2
votes

I have a C++ app in which I create pthreads to run user provided functions. I want to be able to be alerted in some way when a thread exits so that I can remove it from an array of pthread that I am using to keep the threads. Is there a way to do this, or should the function just set some "magic value". Because my main code that spawns the pthreads is in a sort of runloop, I can easily check for an exit condition.


Also, is using a std::vector<pthread_t> overdoing to keep track of my threads an overload? The number of threads is not necessarily any sort of constant, many threads or very few could be running. Or is there another STL container that would be good for these additions and deletions (additions always at one end, deletions almost anywhere). Is there some other structure for keeping track of pthreads? Would a stack or a list be right here? Or a standard C array with a generous maximum good? Due to the nature of the problem, I could also maintain a fixed size array of worker threads to whom I pass the user functions that must be executed. Is this a good solution?

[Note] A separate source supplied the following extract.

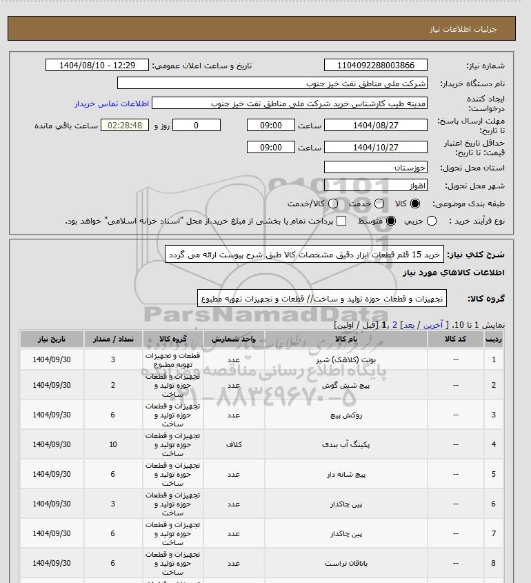 شرح کلی نیاز: خرید 15 قلم قطعات ابزار دقیق مشخصات کالا طبق شرح پیوست ارائه می گردد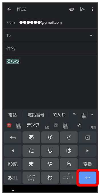 をタップしたあと、次の文字を入力します。入力した文字の背景色が変わったあとは、そのまま次の文字が入力できます。 - キーをくり返しタップせず、キーをロングタッチしたときに表示されるキー入力ガイドを利用して文字を入力することもできます。詳しくは、「フリック入力について」を参照してください。

Sorry for the long confused question, but I have only worked with threading in dynamic languages where this would never be an issue.


EDIT (3/08/12): After reading @jojojapan's answer, I have decided to use a threadpool of sorts. In my structure, I have one producer (a thread in a runloop) and many consumers (the worker threads in the pool). Is there a data structure that is made for multithreaded one-producer many-consumer use? Or whould I just use a std::queue with a pthread_mutex_t on it?

3
When you say "to run user provided functions", is it you who are writing the thread funcs?Duck
Dynamic languages ? You mean GC languages ;).J.N.
@Duck: No. I'm writing a library, and the programmer who uses it writes these functions.Linuxios
@J.N.: Yes, that is what I mean. Ruby and C#, to be specific.Linuxios

3 Answers

3
votes
  1. One option you might want to consider is to not actually end and delete threads once they finished a task, but instead keep them alive and have them wait for a new task to be assigned to them. You can accomplish this by doing two things:

    1. Use an (almost) infinite loop in the thread
    2. Use a concurrent queue or some other technique that makes them wait for a signal to be given by another thread. Design patterns and strategies are discussed in several SO questions, e.g. this one
  2. If you really want to send a signal once a thread ends, you can use a pthread_cond_t and call pthread_cond_signal on it just before a thread reaches its return statement. Of course that assumes that there is some other thread running that waits for these signals and acts upon them by removing the corresponding thread from the vector. Details on the usage are described on the corresponding man page, but also in this SO post.

Edit related to the comment and the edited part of the question:

  1. Regarding the number of worker threads: That depends on the resources used the most by the threads. If what those threads do is mostly computation and a bit of memory access, in other words, if they are CPU-bound, it makes sense to use as many threads as your CPU can maintain (specifically, there is a certain number of cores, and number of (hardware) threads per core that your CPU can run before they start slowing each other down. The threads you are creating (software threads) should be about as many, or perhaps a few more (up to two times as many as hardware threads is reasonable according to what @Tudor says here)). However, if your threads make heavy use of memory (memory-bound) or harddisk (IO-bound) or other resources such as the network, NFS, or some other server, you might want to reduce the number of threads in order (a) not to cause them to block each other, and (b) not to put unreasonably much load on certain resources. Determining the right number of threads may be a matter of experimenting, and keeping the number configurable is generally a good idea.

  2. Regarding the best data structure to store work tasks: The concurrent bounded queue mentioned in the comments of the post I cited further above is probably very good. I haven't tried it myself, though. But if you'd like to keep things simple, a standard std::queue, or even simply a std::vector would not be a bad choice, if you protect them properly using the signal/mutex technique.

1
votes

Consider changing strategy entirely and use an existing threadpool library. They'll do the job for you, you will save a lot of not so funny debugging.

Boost.thread pool is one of many, link.

1
votes

A simple way to do this is to just use a pipe.

Open the pipe before spawning the threads. Pass the pipe fd as part of your thread data. Before the thread exits have it write its pthread_self() to the pipe. Have main or separate thread on the read end of pipe. It reads the dead thread's tid and immediately does a pthread_join. (If it is a separate reaper thread it can just block on the pipe read; if it is in main just make it part of your select/poll or whatever.)

This gives you the flexibility of not using an data structure to save the TIDs at all if don't want. If you do want to save them then a list or a map is a better choice than a vector.

If you have main starting the threads and a separate 'reaper' thread collecting them and you want to save them in some structure then you will need to synchronizing access to the structure between the two.